The anticipation and restraint of Advent find their resting place in the Winter Solstice. From then, imperceptibly, the days gather pace, the watching and the waiting change to fulfilment and joy, and the longed-for baby is born. Everyone knows that whenever a baby is born, the world becomes a different place. Nothing is ever the same again.
In one sense Jesus was an ordinary baby, birthed in the usual painful, messy, dangerous way. His family was utterly without wealth or power or influence. Yet his entry into our world had cosmic reverberations. And – if this baby actually created the cosmos – surely this was only to be expected?
It so it happened that it was outsiders who recognised that something irregular was going on that demanded attention, however inconvenient. Yet Jesus was just another baby. Babies are often considered to be a woman’s domain (after all they grow in and come out of a woman’s body and are fed from a woman’s breasts) but this baby seems to have attracted a variety of men from all shades of the social spectrum.
Shepherds on the hillside were terrified out of their wits by a crowd of heavenly beings, persuaded by these dazzling, fearsome, insistent creatures to go and find this child. The very stars and planets realigned so that distant scholars (traditionally Persian Zoroastrians) could read the signs of the times and undertake an arduous journey to track down this newborn royal. Herod, the king of the district, heard about this child and felt dangerously threatened – but that’s another story. A lot of effort went into that first Christmas.
Christmas for us in the 21st century can be an intense time too, each passing one a measuring out of our lives, a plumb-line for how we are doing in life. It goes without saying that we all want to be happy at this time of year, and the pressure to have a happy Christmas can be a burden. Do I really belong anywhere? Are my children happy enough, healthy enough, resilient enough? What is the atmosphere going to be like at our dinner table? All the Christmas advertising relentlessly portrays perfection: perfect homes, perfect food, perfect bodies, perfect romance, perfect families.

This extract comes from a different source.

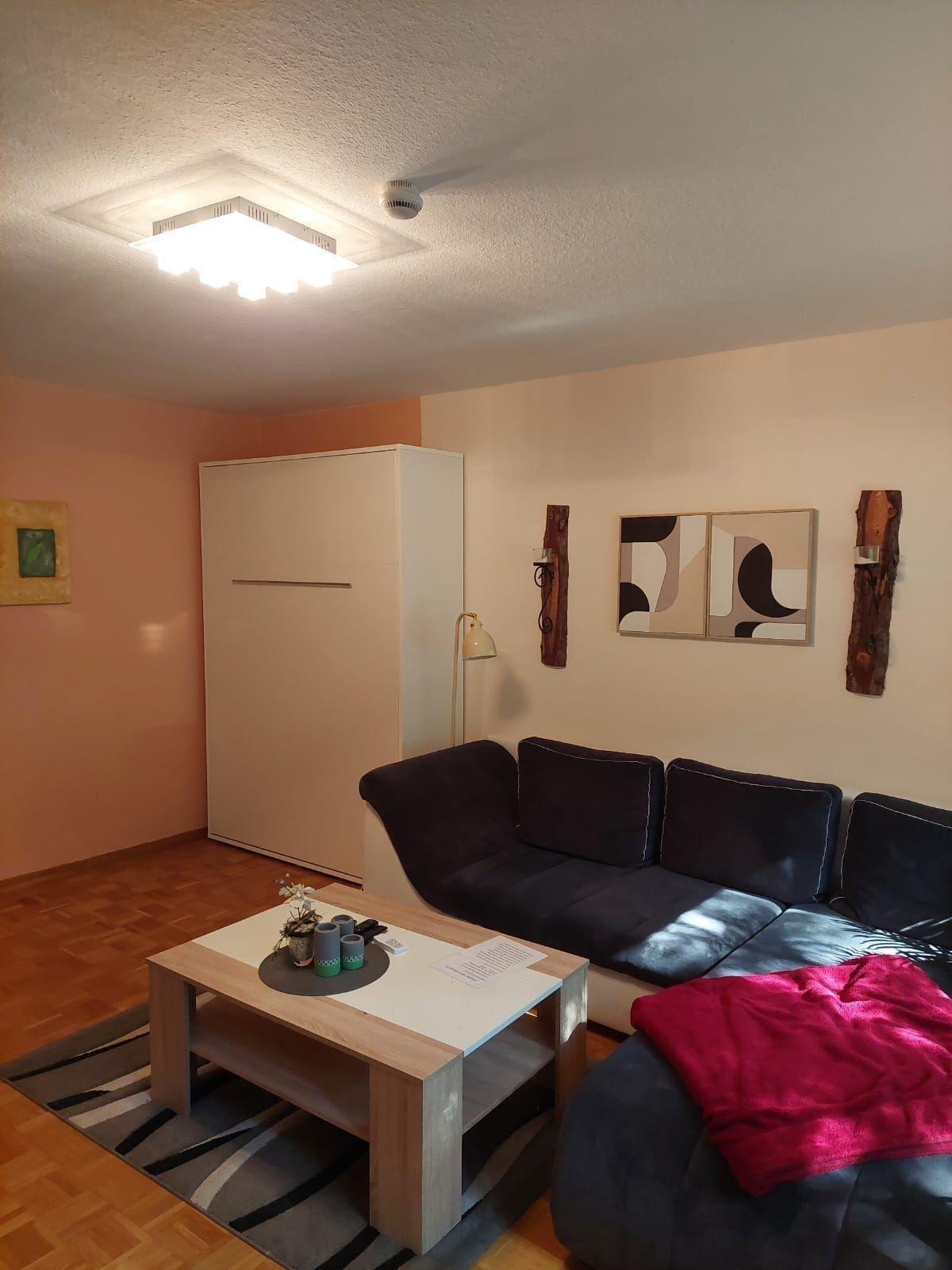 Das Badezimmer mit Fenster ist mit einem Duschbad, einem Haartrockner und einem Spiegel ausgestattet, während der Wohnbereich mit Sofa und Sessel zum Entspannen einlädt. Für Unterhaltung sorgen die HiFi-Anlage und der TV. Die Wohnung verfügt über eine Internetverbindung mit 100 MBit/s.

Thanks be to God, our hope at Christmas is not in ourselves, and how well we live up to these impossible standards. None of us (of course) is perfect, and sometimes we will not be happy at Christmas. We just won’t. But Christmas does not succeed or fail depending on our circumstances. Christmas is about God’s perfection – his perfect love, his perfect faithfulness, his perfect saving plan, in Jesus.
Christmas can never fail because at Christmas God came to join us in the mess of our world. Because of Christmas we are no longer alone. We are invited into joy – regardless of what may be going on in our lives – because of the honour God has paid us in putting himself at our mercy. We celebrate together, in happiness and sadness, in sickness and in health, for richer or for poorer, and we can carry each other at those times when it’s all too much.
We believe that this everyday miracle of a new-born baby, born to a teenage mother all those years ago in Palestine, is God speaking to us through our bodies in a way that we can understand. In this baby we believe that God literally became one of us for a season, in solidarity with our flesh and blood and bone, and in doing this changed everything, forever. Christmas is a love-gift to the whole world, to every tribe and tongue, to each one of us, just as we are – today, right now, this very second. Truly there can be no such thing as a bad Christmas.
Peace and joy to each one of us this Christmas season. Let us love and treasure each other, as we remember that we are loved and treasured by the King of Kings, as Mary loved and treasured her precious baby.